**Task brief:**
Pictures must not appear in the copy. Restate exactly the lines below from the one with "The Department of" through the one with "Looking for CrossFit", inclusive.

**Data for this exercise:**

^^^^^^^^

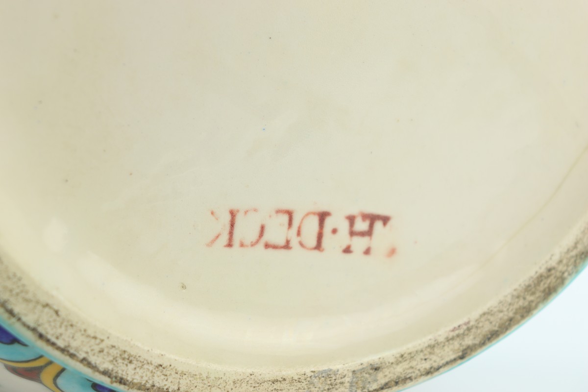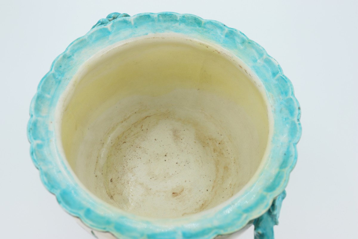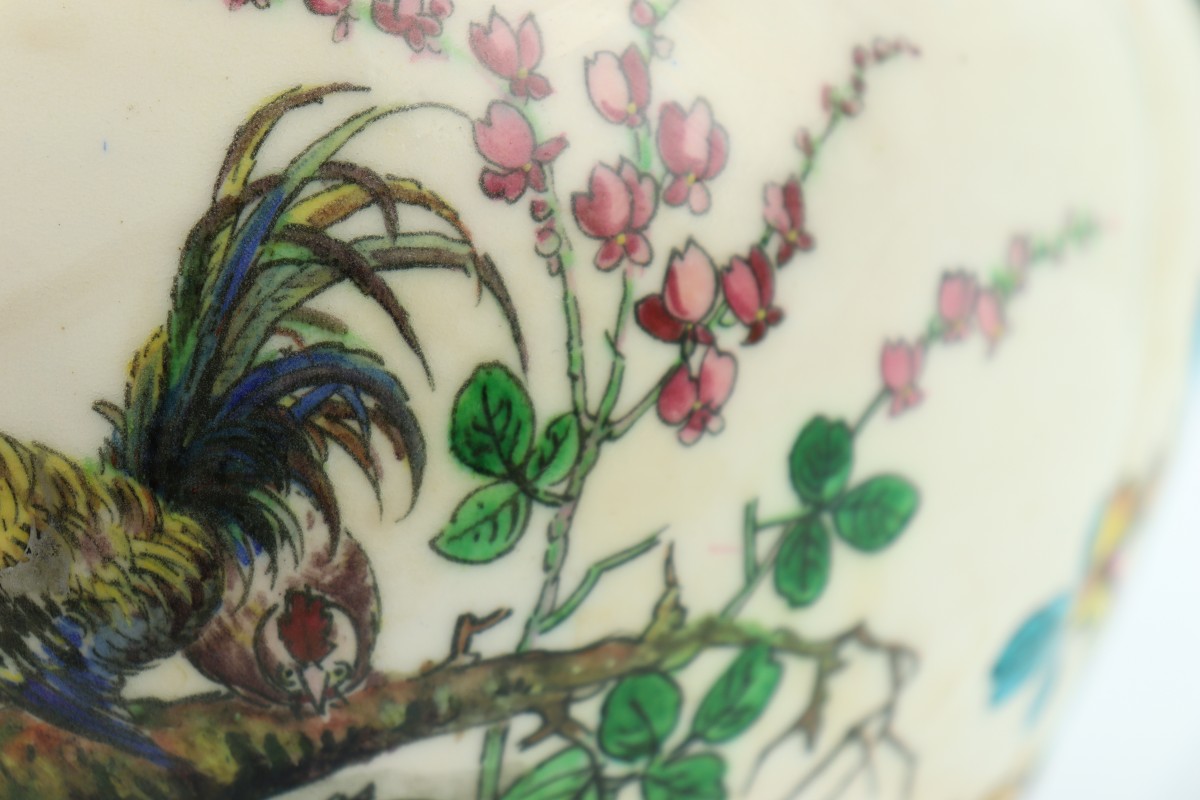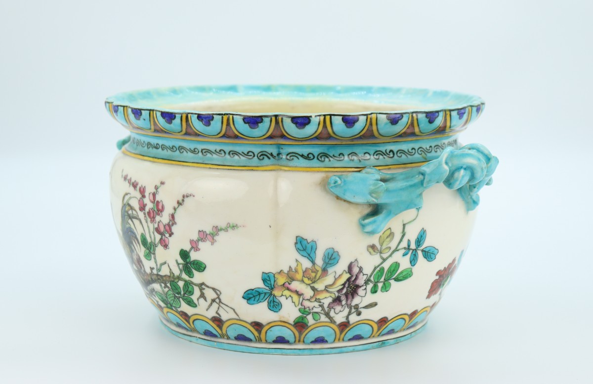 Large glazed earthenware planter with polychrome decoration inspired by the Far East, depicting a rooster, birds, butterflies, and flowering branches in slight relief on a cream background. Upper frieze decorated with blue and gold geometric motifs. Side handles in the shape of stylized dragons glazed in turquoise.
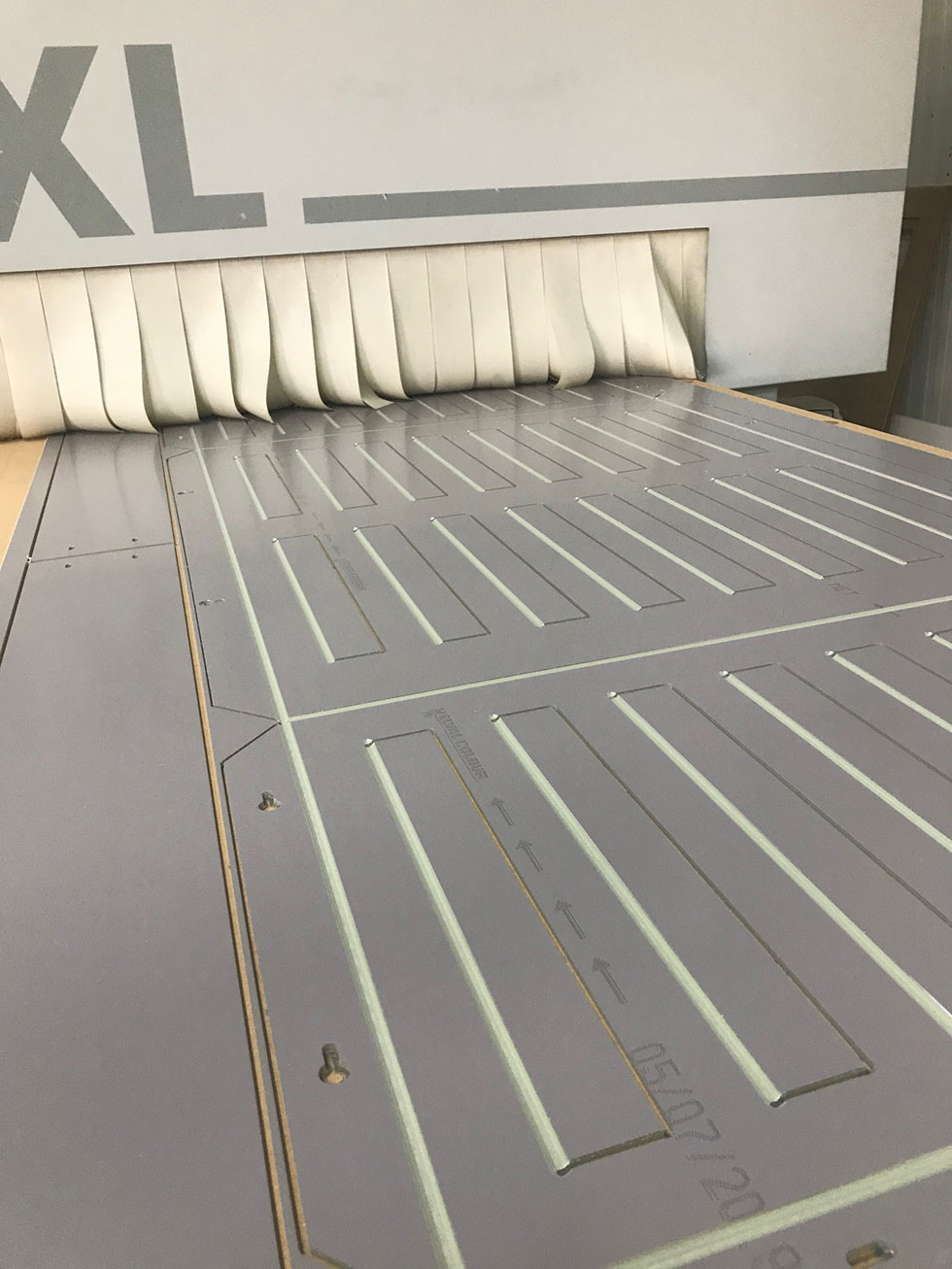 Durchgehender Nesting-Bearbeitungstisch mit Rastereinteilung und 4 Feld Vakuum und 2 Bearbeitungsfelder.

^^^^^^^^

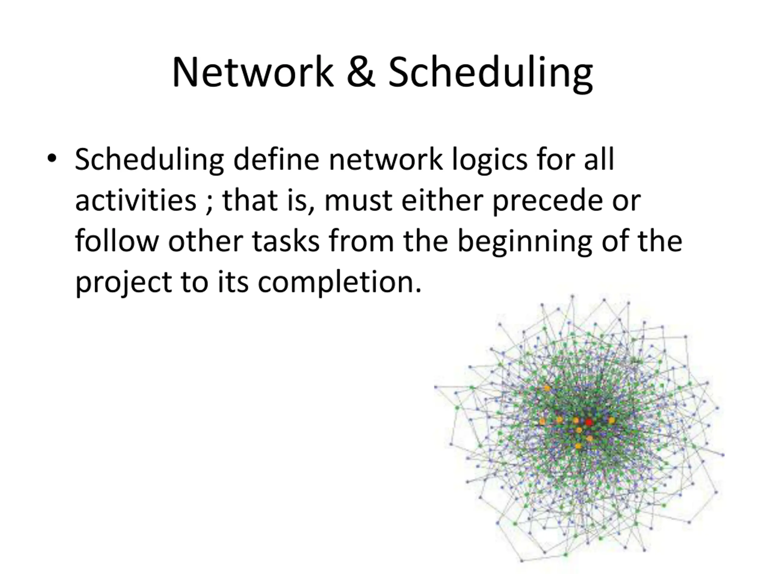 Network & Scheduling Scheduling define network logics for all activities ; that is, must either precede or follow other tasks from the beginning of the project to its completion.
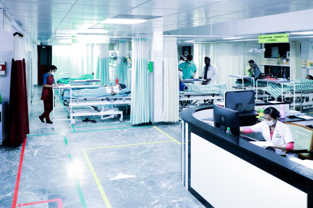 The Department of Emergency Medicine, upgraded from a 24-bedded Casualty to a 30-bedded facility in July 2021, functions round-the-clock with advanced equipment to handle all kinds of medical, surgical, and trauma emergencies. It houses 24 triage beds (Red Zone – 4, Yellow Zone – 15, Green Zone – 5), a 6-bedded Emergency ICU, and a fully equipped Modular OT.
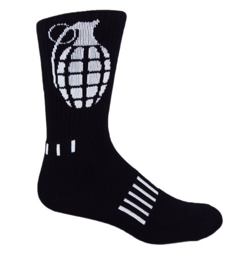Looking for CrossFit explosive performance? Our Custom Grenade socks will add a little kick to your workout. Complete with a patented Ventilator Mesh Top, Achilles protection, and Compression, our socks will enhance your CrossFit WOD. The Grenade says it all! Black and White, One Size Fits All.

^^^^^^^^

**Result below:**
 The Department of Emergency Medicine, upgraded from a 24-bedded Casualty to a 30-bedded facility in July 2021, functions round-the-clock with advanced equipment to handle all kinds of medical, surgical, and trauma emergencies. It houses 24 triage beds (Red Zone – 4, Yellow Zone – 15, Green Zone – 5), a 6-bedded Emergency ICU, and a fully equipped Modular OT.
Looking for CrossFit explosive performance? Our Custom Grenade socks will add a little kick to your workout. Complete with a patented Ventilator Mesh Top, Achilles protection, and Compression, our socks will enhance your CrossFit WOD. The Grenade says it all! Black and White, One Size Fits All.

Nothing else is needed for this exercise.